An mmCIF dictionary is distributed with the CCP4 suite as
$CCP4/lib/data/cif_mm.dic, consisting
of version 1.0.00 of the mmCIF dictionary together with extensions
required for data harvesting. A binary symbol table
representation ($CCP4/lib/data/cif_mmdic.lib) of the dictionary
is built during compilation of the suite, and it is in fact this that is
used by the libccif library routines.
libccif: the core mmCIF library routines
Peter Keller's C language library of routines for reading and writing
mmCIF files was included in release 4.0 of the CCP4 suite. The source files
are held in $CCP4/lib/ccif, and when compiled give the separate
archive file libccif.a or the shared library libccif.so.
These routines are used by the CCP4 library routines harvlib.f
(used in data harvesting) and cciflib.f (see
below). For those wishing to use libccif to read/write
mmCIF files, there is a Fortran-callable
interface, which is described in $CCP4/doc/ccifdoc.ps.
Data Harvesting
Data Harvesting was introduced in CCP4 4.0, and the technique has been
described in
Newsletter 37. The implementation of Data Harvesting uses mmCIF files
to store information from the programs SCALA, TRUNCATE, MLPHARE, REFMAC
and RESTRAIN for future transfer to the deposition site. These files
(which should not be edited!) can be found in directory
$HARVESTHOME/DepositFiles where $HARVESTHOME
defaults to the user's home directory.
mmCIF reflection files
MTZ reflection files can be converted to mmCIF format by the CCP4
program
MTZ2VARIOUS. The output file may then be used for the deposition
of structure factors to the PDB.
Rasmol 2.7
Version 2.7 of the popular molecular viewer Rasmol, which is included
in the CCP4 distribution, will display molecules input from CIF or mmCIF
format files (other formats are also supported). Some restrictions are imposed,
for example the chain identifier (_atom_site.label_asym_id) is restricted
to one character whereas there is no such restriction in the full mmCIF format.

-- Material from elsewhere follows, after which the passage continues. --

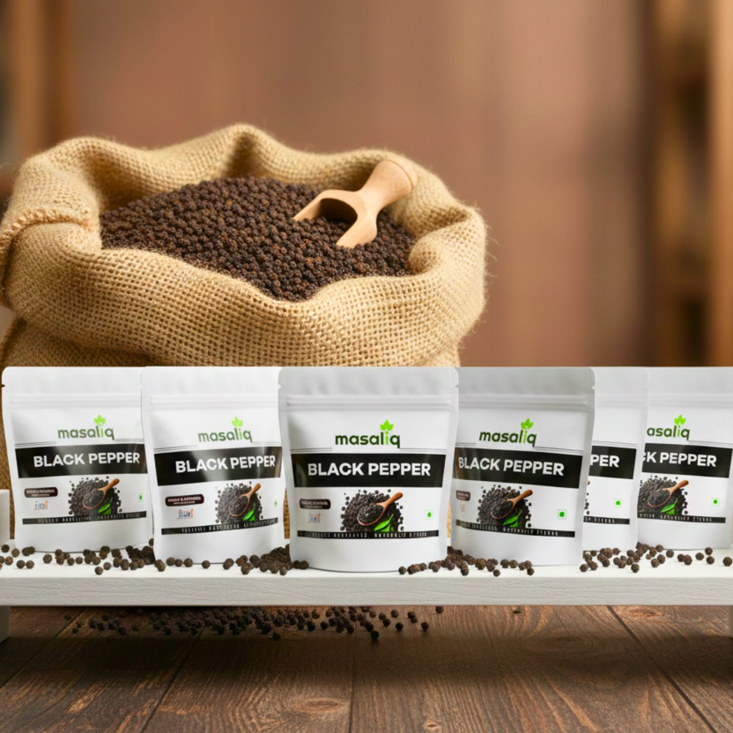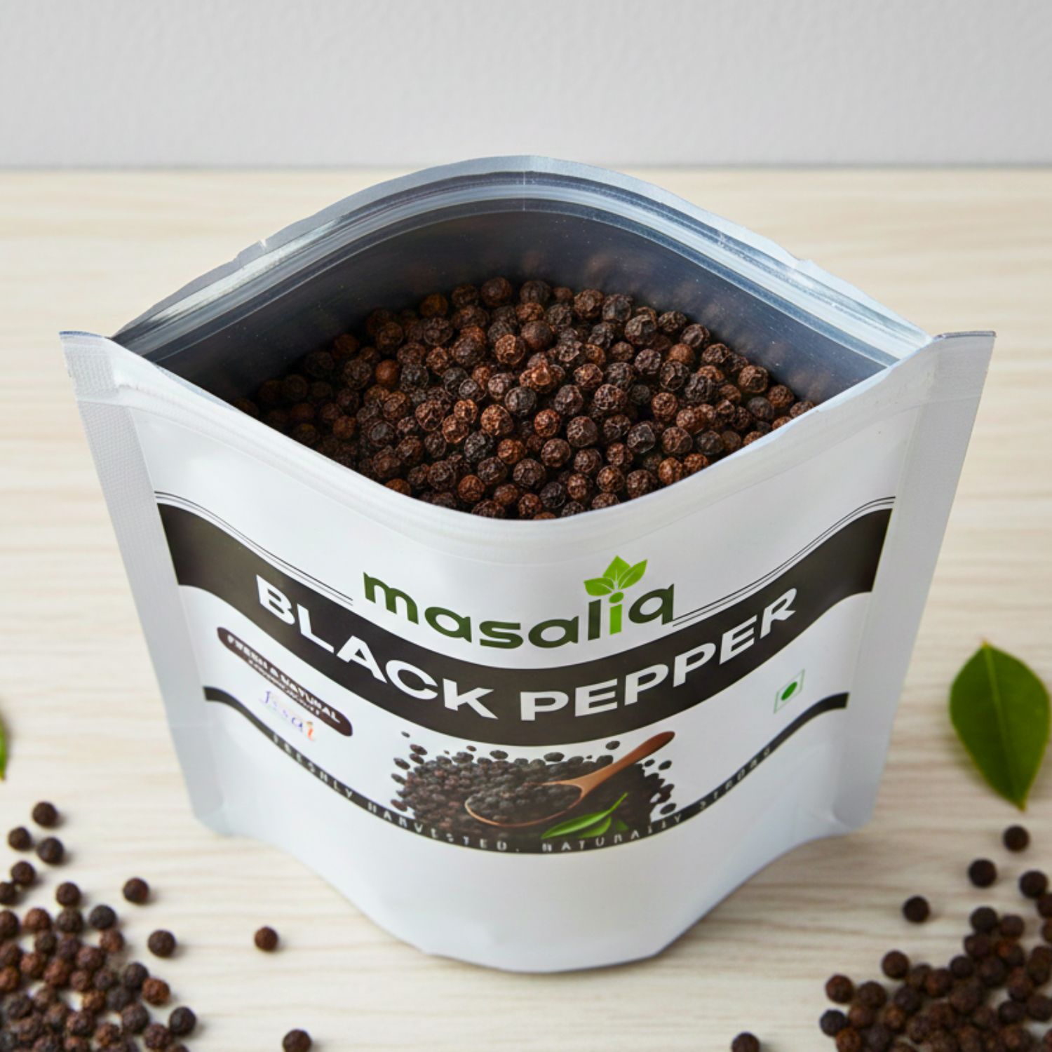 Our Black Pepper (Coorg Origin) is sourced directly from the finest estates of Coorg, known for producing some of India’s most aromatic and high-oil pepper. Each peppercorn is handpicked, naturally sun-dried, and graded to ensure maximum freshness, heat, and flavour.
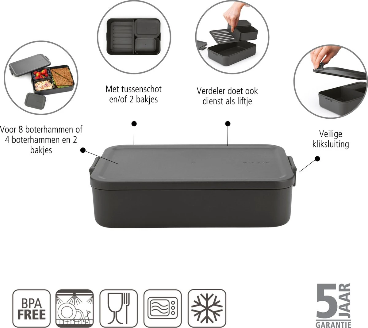 Brabantia Make & Take Bento Lunchbox Incl Bentobox – Large – Kunststof – Dark Grey

See the program documentation for more details.
mmCIF major mode for Emacs
The editor Emacs can be run in various so-called "major modes" which allow
one to set colour schemes, key binding, etc. appropriately for a particular
file type. The standard Emacs distribution provides major modes for HTML,
Fortran and many others. In CCP4 4.0, a file cif.el is provided which
defines a major mode for mmCIF (see the top of the file for how to load it).

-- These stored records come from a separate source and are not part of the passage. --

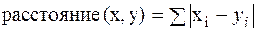 Расстояние городских кварталов (манхэттенское расстояние). Это расстояние является просто средним разностей по координатам. Для этой меры влияние отдельных больших разностей (выбросов) уменьшается (так как они не возводятся в квадрат). Манхэттенское расстояние вычисляется по формуле:
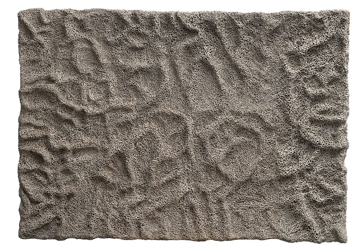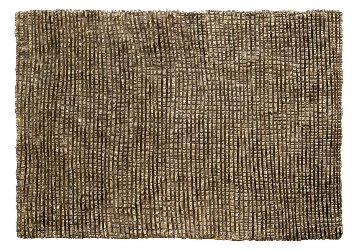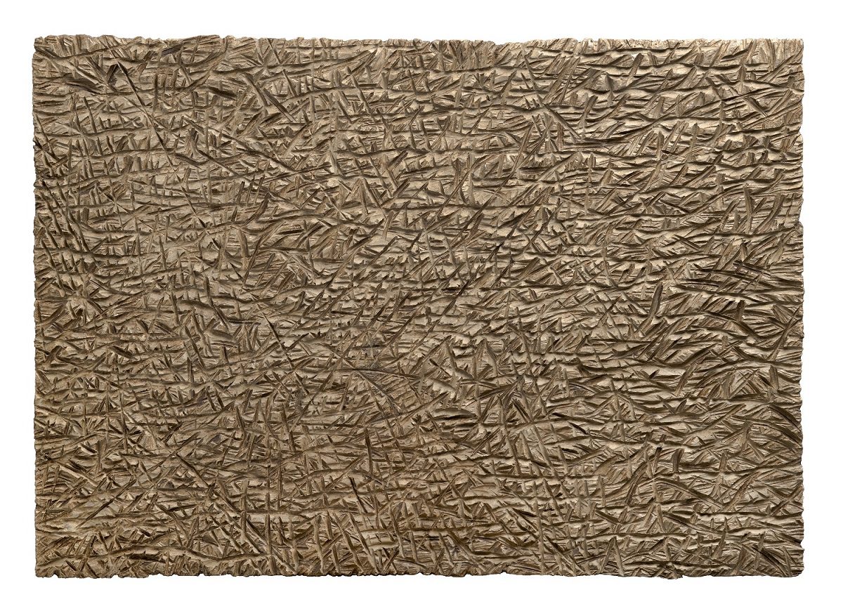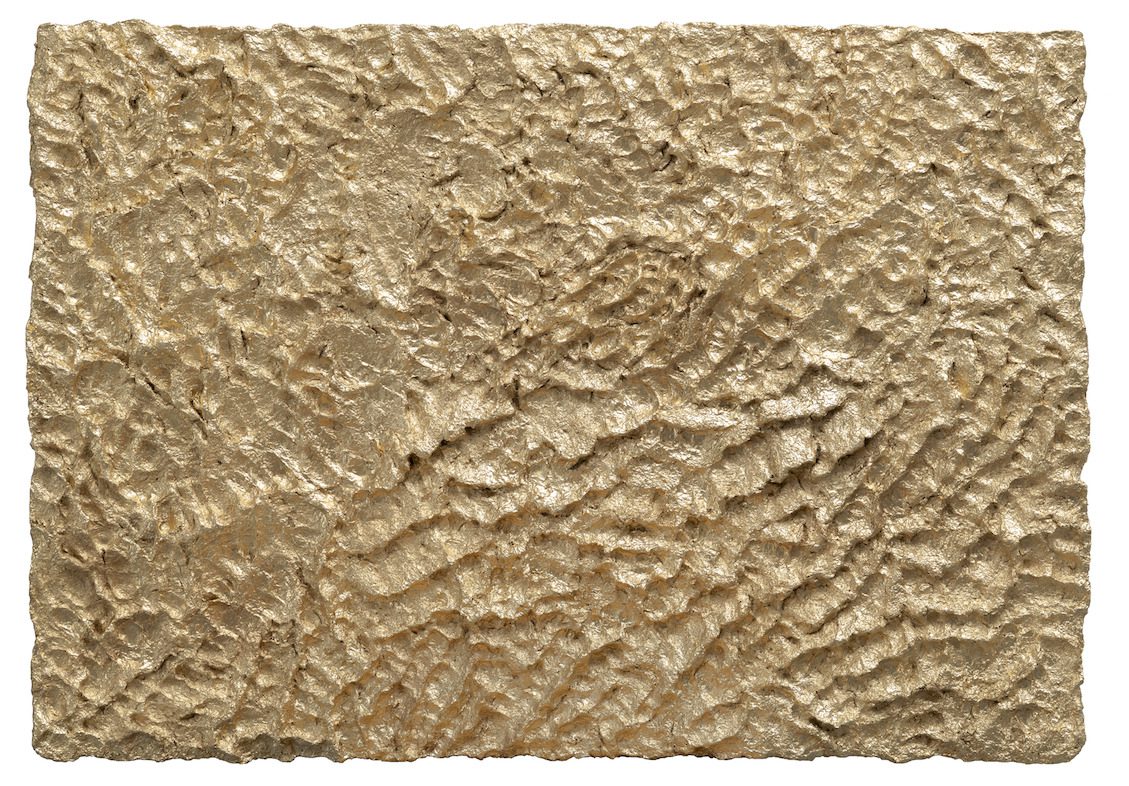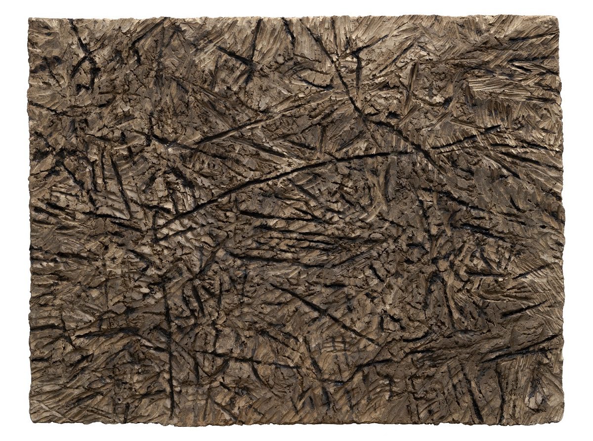 Creation of art is profoundly linked to Andrea’s handling of natural matter. The material of which the works are made consists of decomposed and moistened paper, mashed and applied in thick and heavy layers, and then transformed into abstract organic-like shapes. Natural materials (in other cases she uses also cotton, wood and wax) are submitted to controlled influences of natural elements – air, water and fire (moistening, drying, burning). At the same time, the created matter is shaped by extremely physical processes of hand molding, scratching, grinding, flaming, hammering. Andrea’s making of art is a long and patient process of fighting and hugging the Nature – applying her existential feelings in the very creation of art.
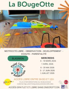 Pour participer à une action, demandez votre adhésion gratuitement au Point Local d’Animation en contactant Mme Sarah Petit au : 05 57 28 06 61 / 07 49 28 81 78 ou pla@blasimon.fr
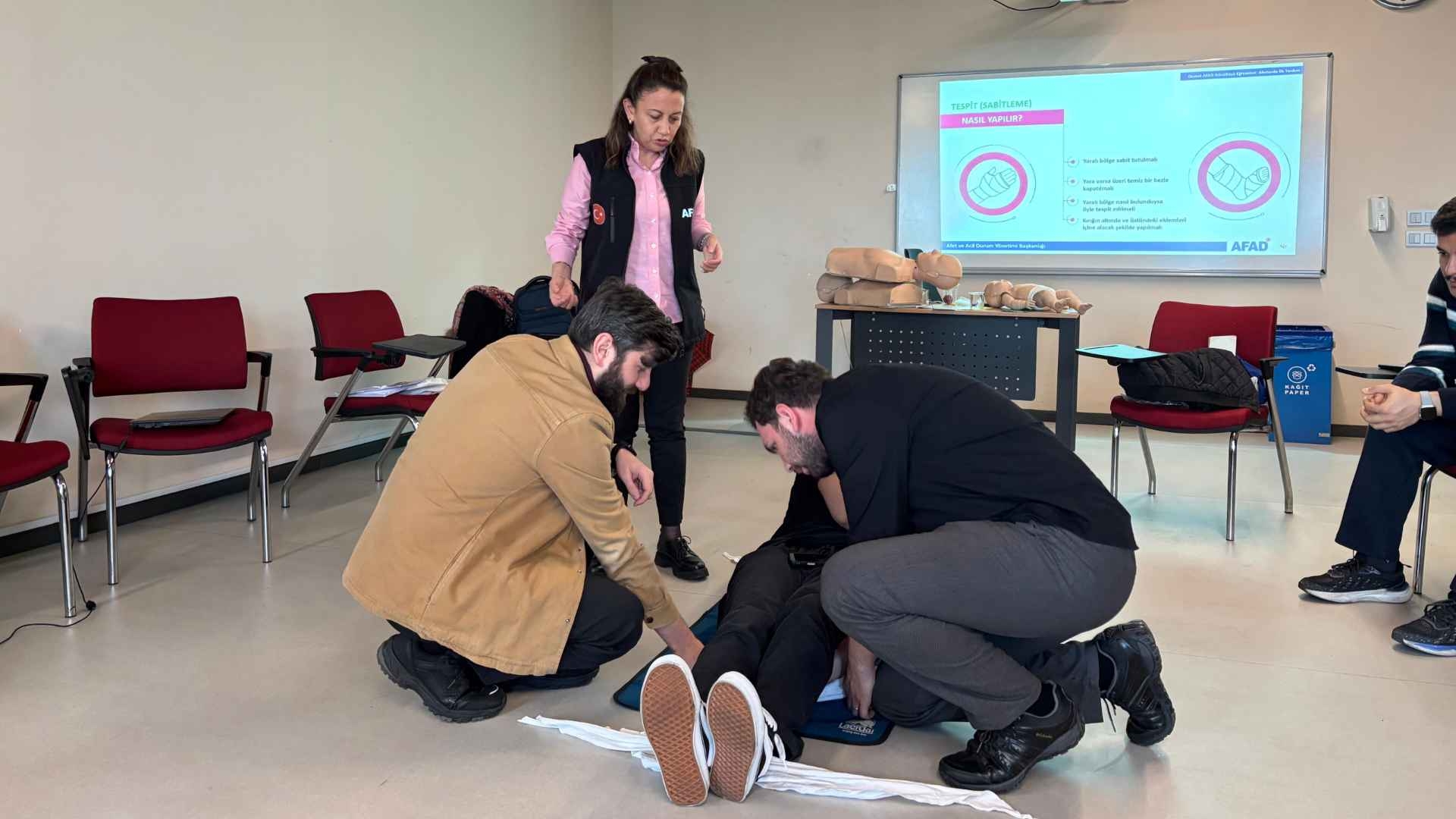 Üniversitemiz mensuplarına yönelik afetlere karşı daha bilinçli, hazırlıklı ve donanımlı bireyler yetiştirmek amacıyla AFAD iş birliğiyle yürütülen Destek AFAD Gönüllüsü eğitim programı, 01 Aralık 2025 Pazartesi günü gerçekleştirilen “İlk Yardım Eğitimi”yle başladı.

A simple colour scheme helps viewing of mmCIF
files, while a "CIF" menu provides some extra functionality, for example
finding the dictionary entry for a particular data item. I hope to extend
the functionality of cif.el in future.
cciflib.f: application interface for coordinate handling
It has been proposed that mmCIF should be used by CCP4 programs as a working
format for coordinate files, to replace the current use of PDB files. Just
as CCP4 currently only use a subset of the full PDB format, so only a subset
of the full mmCIF format would be used, nicknamed "ccif". As a step towards
this, a set of Fortran routines have been written (which in turn call
libccif routines) which provide an application interface
for CCP4 programs. This effectively replaces the rwbrook routines
currently used for PDB files.
These routines were included in CCP4 4.0, see the accompanying
documentation.
A number of CCP4 programs have been converted to use these routines, and some
additional utilities are in development. Details can be found on the
developers' web pages.
REFMAC
Version 5.0 of REFMAC (at the time of writing, not yet released) will include
several new features, one of which is a completely new mechanism for handling
geometric restraints. Restraint information for residues, cofactors, etc. is
held in dictionary files mon_lib_*.cif, which is designed to be
easily extensible to include new chemical species. REFMAC will also be able
to read coordinate files in either PDB or mmCIF format.